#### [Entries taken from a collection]

- Opening Delimiter -

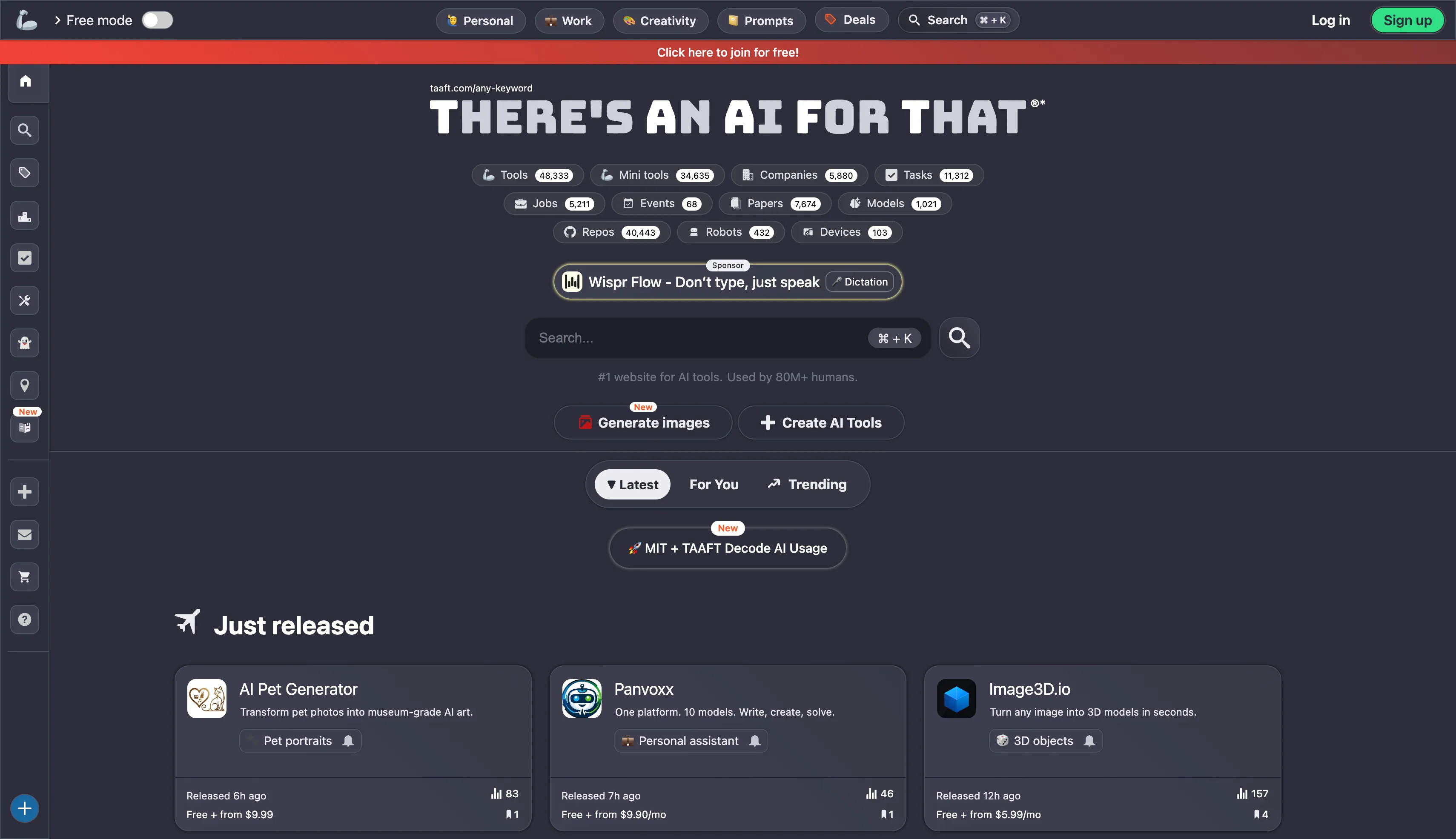 The #1 website for AI tools. Used by 80 million people to find the right tool for any task or use case.
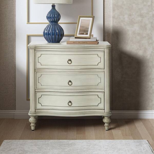 Egmund Traditional 3-Drawer Nightstand with Solid Wood Legs and Built-In Outlets-White
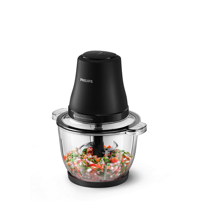 Ova velika sjeckalica jednostavna za uporabu idealan je kuhinjski partner za pripremu domaćih jela. Sjeckajte i drobite bilo koji sastojak zahvaljujući snažnom motoru te bezbrižno pripremajte omiljene umake. Ravnomjerno sjeckajte meke i tvrde sastojke zahvaljujući tehnologiji PowerChop koja optimalno kombinira rezače, kut rezanja i unutarnju zdjelu. Sjeckajte jednom rukom zahvaljujući stabilnosti sjeckalice koju osigurava gumena baza. Sastojke možete sjeckati s lakoćom zahvaljujući radu s dvije brzine. Od umaka do salata, ova sjeckalica lako obrađuje sve vrste sastojaka. Zdjela i rezači mogu se prati u perilici posuđa.
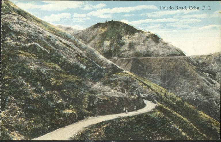 Subject: People walking on road cut across steep hills with low vegetation on Cebu. See also OFI-004305 for same image as a real photograph. The road cuts across the island from Talisay City, near Ceb
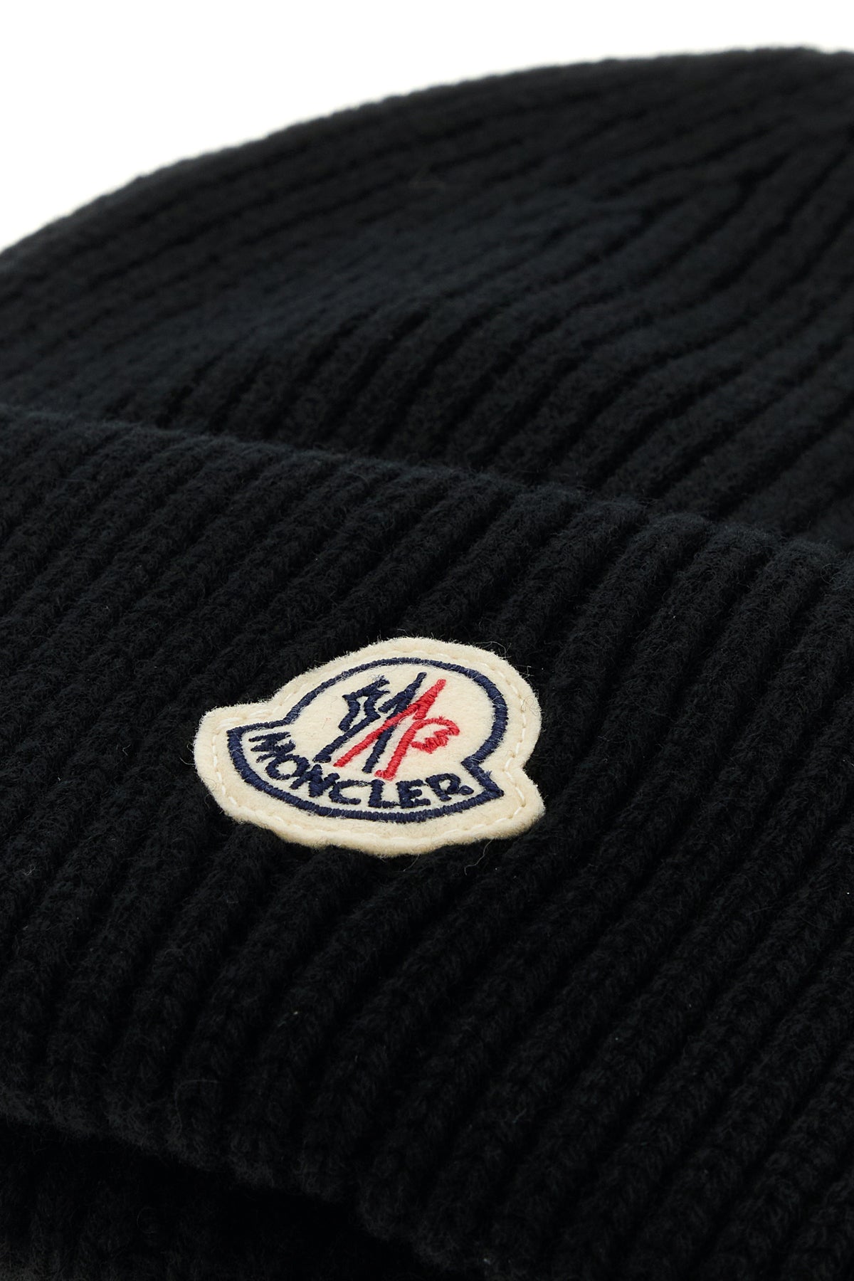 Beanie hat realized in wool and cashmere enriched by logoed patch at the front.
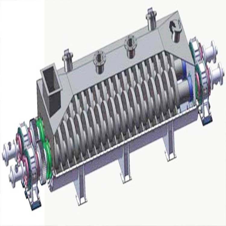 空心轴上密集排列着楔型中空浆叶,热介质经空心轴流经浆叶。单位有效容积内传热面积很大,热介质温度从-40℃到320℃,可以是水蒸汽,也可以是液体型:如热水、导热油等。间接传导加热,没有携带空气带走热量,热量均用来加热物料。热量损失仅为通过器体保温层向环境的散热。楔型浆叶传热面具有自清洁功能。物料颗粒与楔型面的相对运动产生洗刷作用,能够洗刷掉楔型面上附着物料,使运转中一直保持着清洁的传热面。浆叶干燥机的壳体为Ω型,壳体内一般安排二到四根空心搅拌轴。壳体有密封端盖与上盖,防止物料粉尘外泄而充分发挥作用。
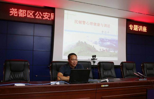 讲座中,曹昌平老师围绕什么是心理健康、影响心理健康的重要因素、压力与心理健康的关系、长期压力及不良情绪对健康的危害、心理健康的自我调适等五个方面入手,结合当前民辅警开展“夏季行动”等重点公安工作,循序渐进地讲解了如何进行自我心理认知、心理健康对身心影响、应对不良情绪和心理压力等心理学知识和技能,并通过视频观看、语言引导等方式带领大家进行压力情绪释放。
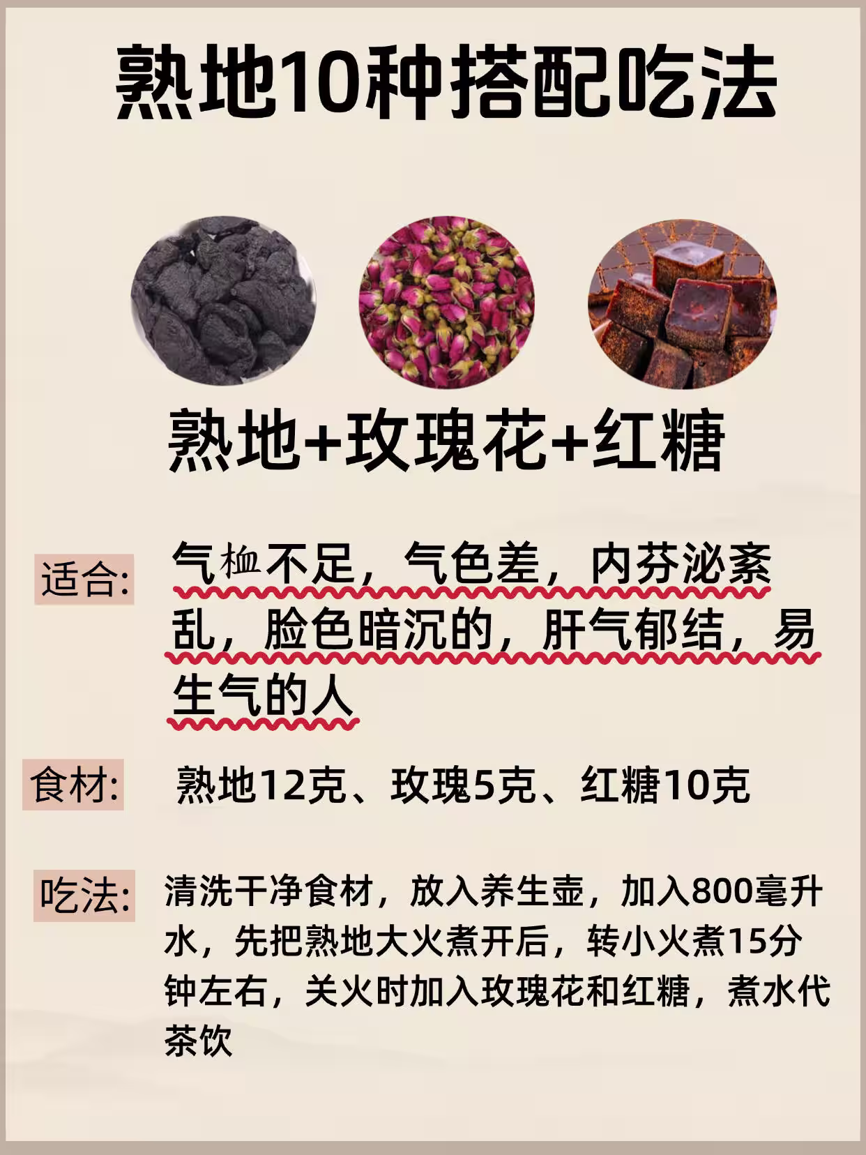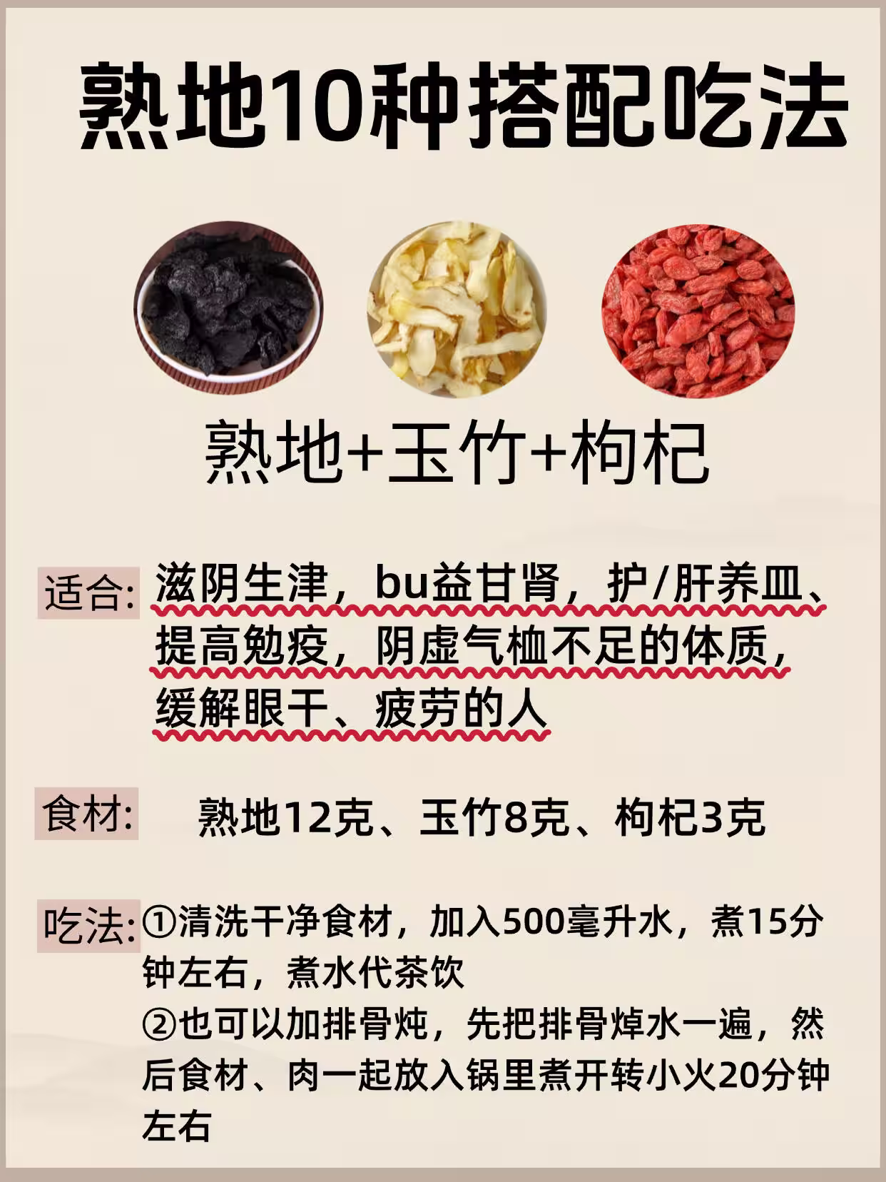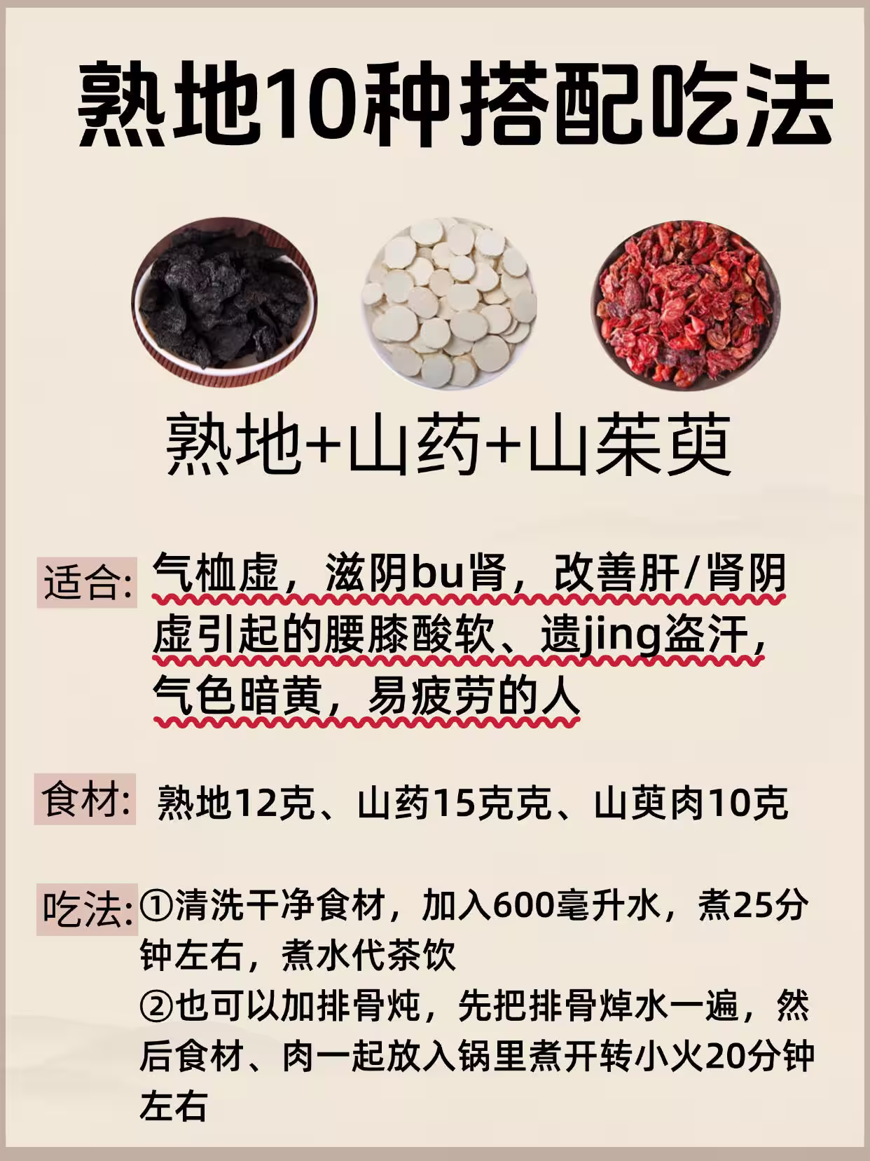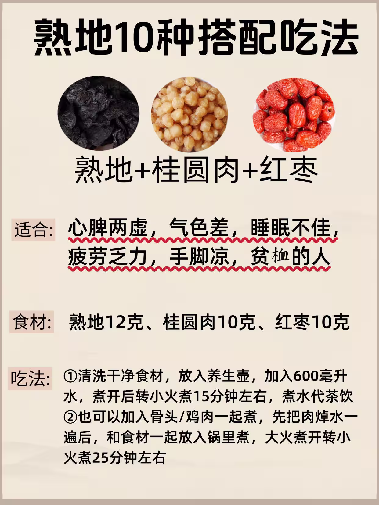 ✅分享熟地的10種寶藏搭配吃法(具體作用如上圖,建議的用量是1人份,調養一周喝兩到三次即可)

- Closing Delimiter -

#### [About this task]
Word for word, retype the lines in the entries above that run from the one with "Beanie hat realized" through the one with "空心轴上密集排列着楔型中空浆". Both ends count; pictures do not.

#### [Solved exercise]
 Beanie hat realized in wool and cashmere enriched by logoed patch at the front.
 空心轴上密集排列着楔型中空浆叶,热介质经空心轴流经浆叶。单位有效容积内传热面积很大,热介质温度从-40℃到320℃,可以是水蒸汽,也可以是液体型:如热水、导热油等。间接传导加热,没有携带空气带走热量,热量均用来加热物料。热量损失仅为通过器体保温层向环境的散热。楔型浆叶传热面具有自清洁功能。物料颗粒与楔型面的相对运动产生洗刷作用,能够洗刷掉楔型面上附着物料,使运转中一直保持着清洁的传热面。浆叶干燥机的壳体为Ω型,壳体内一般安排二到四根空心搅拌轴。壳体有密封端盖与上盖,防止物料粉尘外泄而充分发挥作用。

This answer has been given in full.